Want to Learn About Multicultural Consumers? Join a Hispanic Chamber of Commerce
Daniela Velázquez | Senior Public Relations Strategist

On the heels of Hispanic Heritage Month, it’s important to note that marketing to — and reaching — Latino customers should not be a flavor-of-the-month endeavor. Rather, it should be a year-round focus.

Consider the numbers:

  • Hispanics are the nation’s second-fastest-growing racial or ethnic group.
  • On a more localized level, the number of Latinos living in my home region alone (St. Louis) has increased by nearly 30 percent since the 1990s and is predicted to increase to as much as 160,000 by 2030.
  • There are 4.65 million Hispanic-owned companies across the nation. In fact, Hispanic businesses grew 40.2 percent from 2012 to 2018, according to Claritas.
  • The buying power of Hispanics is expected to be $1.7 trillion U.S. dollars by 2020. That’s a lot of money!

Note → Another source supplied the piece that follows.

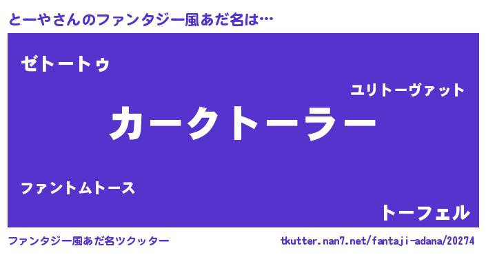 | 欧米人風あだ名 | 『とーや・ステッグマイヤー』 |

Why should you care? When it comes to the future of your business — large or small — it means you must start strategically and intentionally planning to include the Hispanic consumer and Hispanic community.

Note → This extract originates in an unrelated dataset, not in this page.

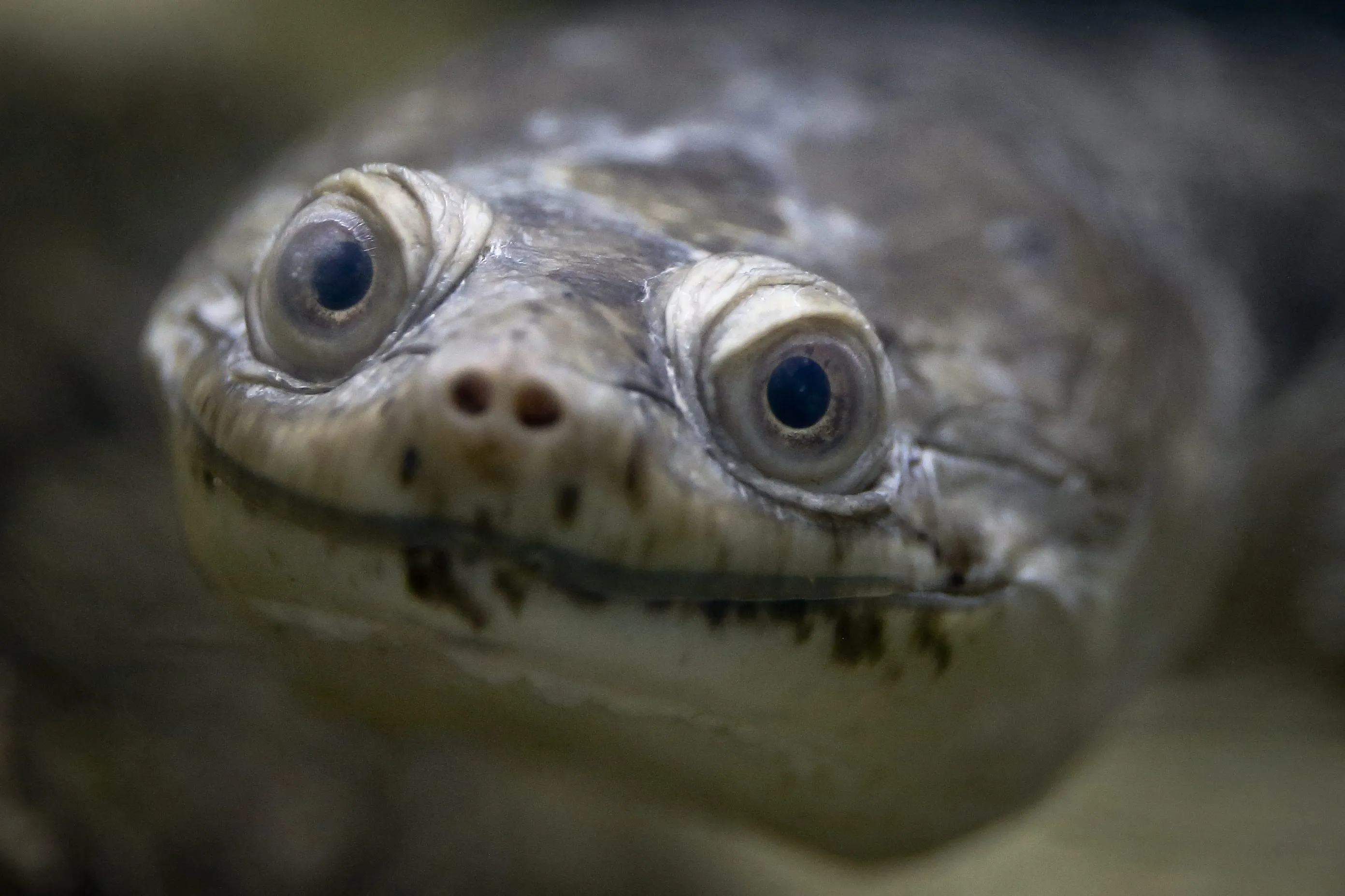 A long-necked turtle looks through the glass of its enclosure at the Pata Zoo located on the top floor of a shopping center in Bangkok, Thailand, 29 December 2015. Native to Australia, New Guinea, Indonesia and East Timor, the long-necked turtle is a fish eater, and can reach up to 45 cm in length. (Photo by Diego Azubel/EPA)

I’ll spare you more data points and give you one key guiding principle from Andrew McCaskill, SVP of global communications and multicultural marketing at Nielsen:

“If a brand doesn’t have a multicultural strategy, it doesn’t have a growth strategy.”  

Amen, brother!

In 2017, we launched Elasticity Multicultural because of this potential for growth. But to reach Latinos — or for that matter, any ethnic or racial minority —requires an integrated approach, deft cultural understanding and a nuanced voice that builds authentic and long-lasting relationships.

That’s also why we participate with the 40-year-old U.S. Hispanic Chamber of Commerce and joined the Hispanic Chamber of Commerce of Metropolitan St. Louis and the Greater Dallas Hispanic Chamber of Commerce as we have presences in both metro areas.

Hispanic chambers tend to be a nexus for Latino business owners, diverse professionals and organizations that prioritize inclusion efforts. They’re also an excellent resource for often hard-to-find local demographic and economic development data.

Last month, I attended the U.S. National Hispanic Chamber of Commerce Convention in Albuquerque. The convention — held in the middle of Hispanic Heritage Month — was a celebration of where we, as Latinos, have come from and where we’re headed. And yes, it’s true, we know how to throw a party. I tasted some delicious tequila, discovered a few new dance moves and had some great conversations at the intersection of culture and business.

In addition to all the fun, here are some insights that present yet another window into why the Hispanic market is worth your marketing dollars:

  • Successful Hispanic businesses are part drive economic development in many markets.
  • A record 32 million Latinos are projected to be eligible to vote in 2020. The 2020 election will mark the first time that Hispanics will be the largest racial and ethnic minority group in the electorate.
  • Latinas are the fastest growing entrepreneurial segment — growing 15 times the national average — but only receive less than 1 percent of venture capital funding.
  • Corporations want to both hit their supplier diversity target numbers and reach a multicultural market. They are keen to work with Minority Business Enterprises (MBEs), Women Business Enterprises (WBEs) and Small Business Enterprises (SBEs). ‘


OK, so what’s the takeaway here?  This “new” America is 100 percent American and 100 percent multicultural. And there’s lots of opportunity for both businesses and consumers to win.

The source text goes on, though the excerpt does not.